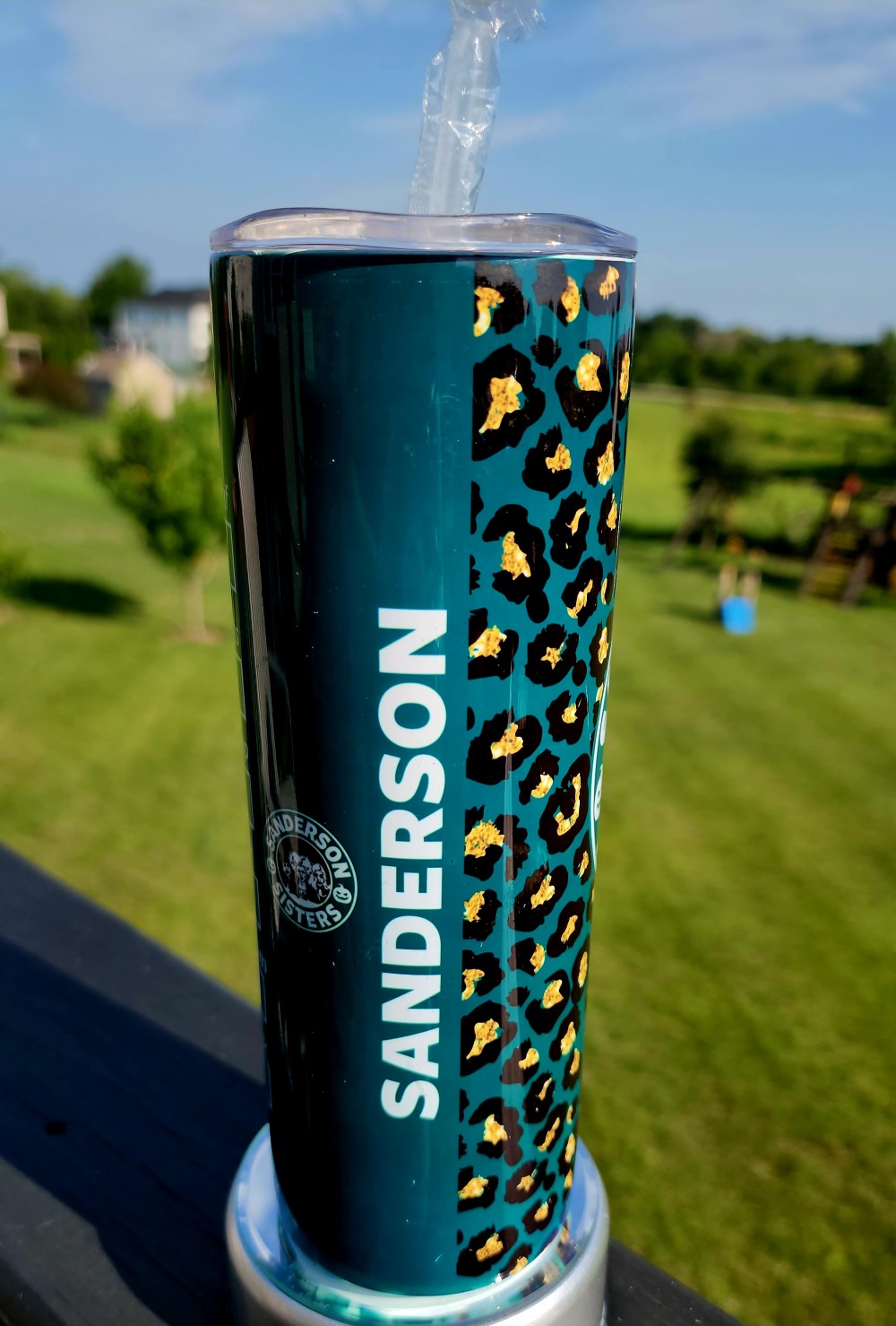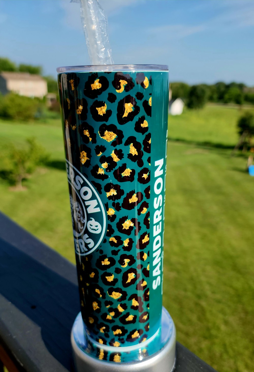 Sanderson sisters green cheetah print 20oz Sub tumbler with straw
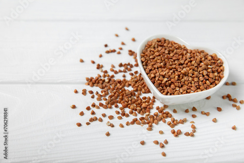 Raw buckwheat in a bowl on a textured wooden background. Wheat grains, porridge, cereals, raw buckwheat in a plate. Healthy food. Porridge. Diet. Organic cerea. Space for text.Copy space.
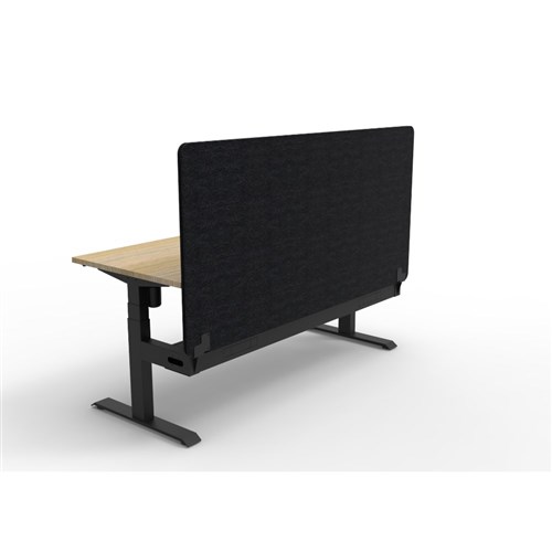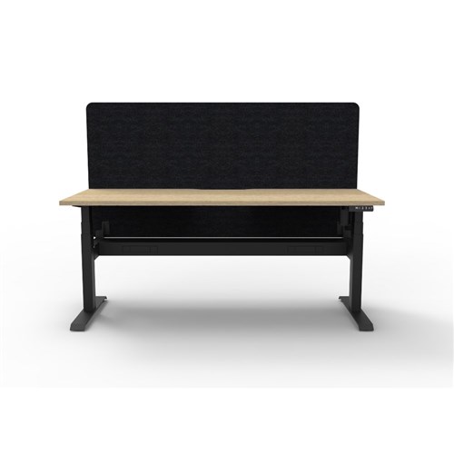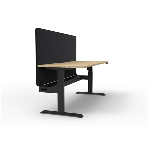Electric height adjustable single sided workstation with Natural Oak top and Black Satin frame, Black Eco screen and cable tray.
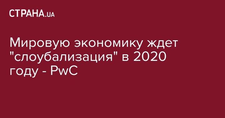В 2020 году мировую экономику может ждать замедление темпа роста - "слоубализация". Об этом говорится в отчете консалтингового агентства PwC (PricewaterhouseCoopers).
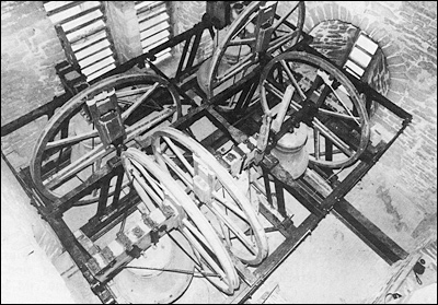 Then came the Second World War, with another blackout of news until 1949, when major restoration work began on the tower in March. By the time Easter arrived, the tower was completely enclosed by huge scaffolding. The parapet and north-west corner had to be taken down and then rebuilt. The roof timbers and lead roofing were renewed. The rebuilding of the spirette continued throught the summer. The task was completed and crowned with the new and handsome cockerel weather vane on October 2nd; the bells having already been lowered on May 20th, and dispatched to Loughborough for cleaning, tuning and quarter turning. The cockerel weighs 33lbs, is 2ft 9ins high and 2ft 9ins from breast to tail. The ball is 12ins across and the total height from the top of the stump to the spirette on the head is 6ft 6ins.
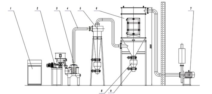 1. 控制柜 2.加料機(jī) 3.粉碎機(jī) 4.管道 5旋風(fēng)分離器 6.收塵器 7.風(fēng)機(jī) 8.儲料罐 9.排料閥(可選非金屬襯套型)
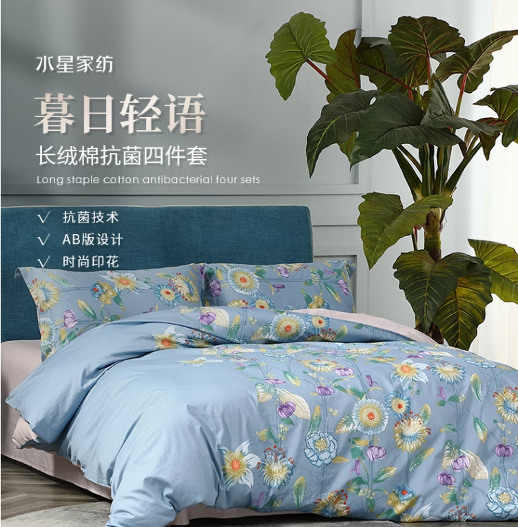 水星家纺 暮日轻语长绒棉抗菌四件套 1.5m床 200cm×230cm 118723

...

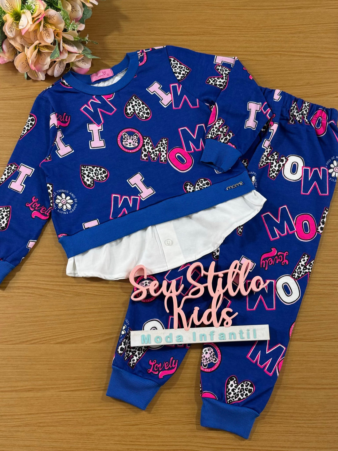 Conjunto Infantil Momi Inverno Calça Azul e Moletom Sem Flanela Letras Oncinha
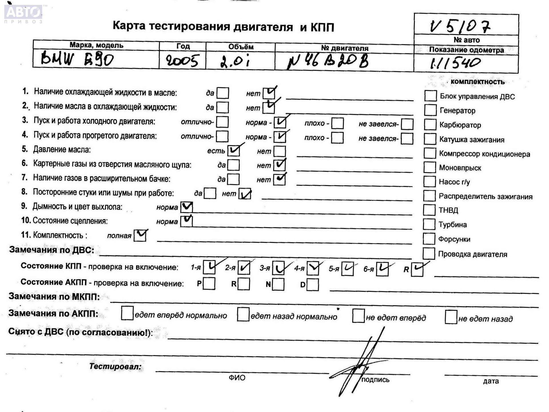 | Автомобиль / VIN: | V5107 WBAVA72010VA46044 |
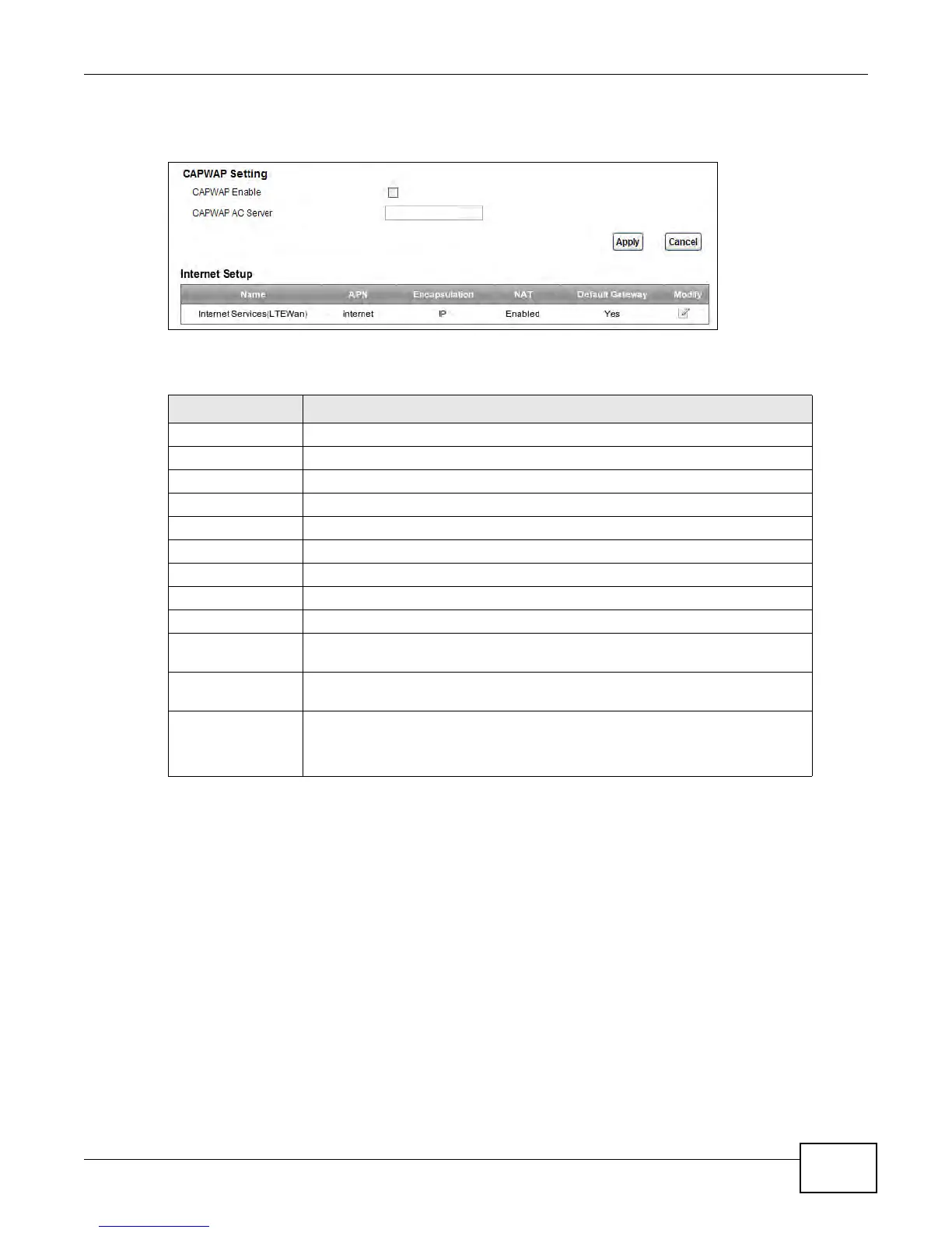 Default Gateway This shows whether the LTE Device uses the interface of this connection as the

#### EXERCISE PROMPT:
How would the lines above read from the one with "Sanderson sisters green" to the one with "Electric height adjustable", inclusive, with no pictures? Write them out exactly.

#### OUTPUT FOR THIS EXERCISE:
 Sanderson sisters green cheetah print 20oz Sub tumbler with straw
 Raw buckwheat in a bowl on a textured wooden background. Wheat grains, porridge, cereals, raw buckwheat in a plate. Healthy food. Porridge. Diet. Organic cerea. Space for text.Copy space.
Electric height adjustable single sided workstation with Natural Oak top and Black Satin frame, Black Eco screen and cable tray.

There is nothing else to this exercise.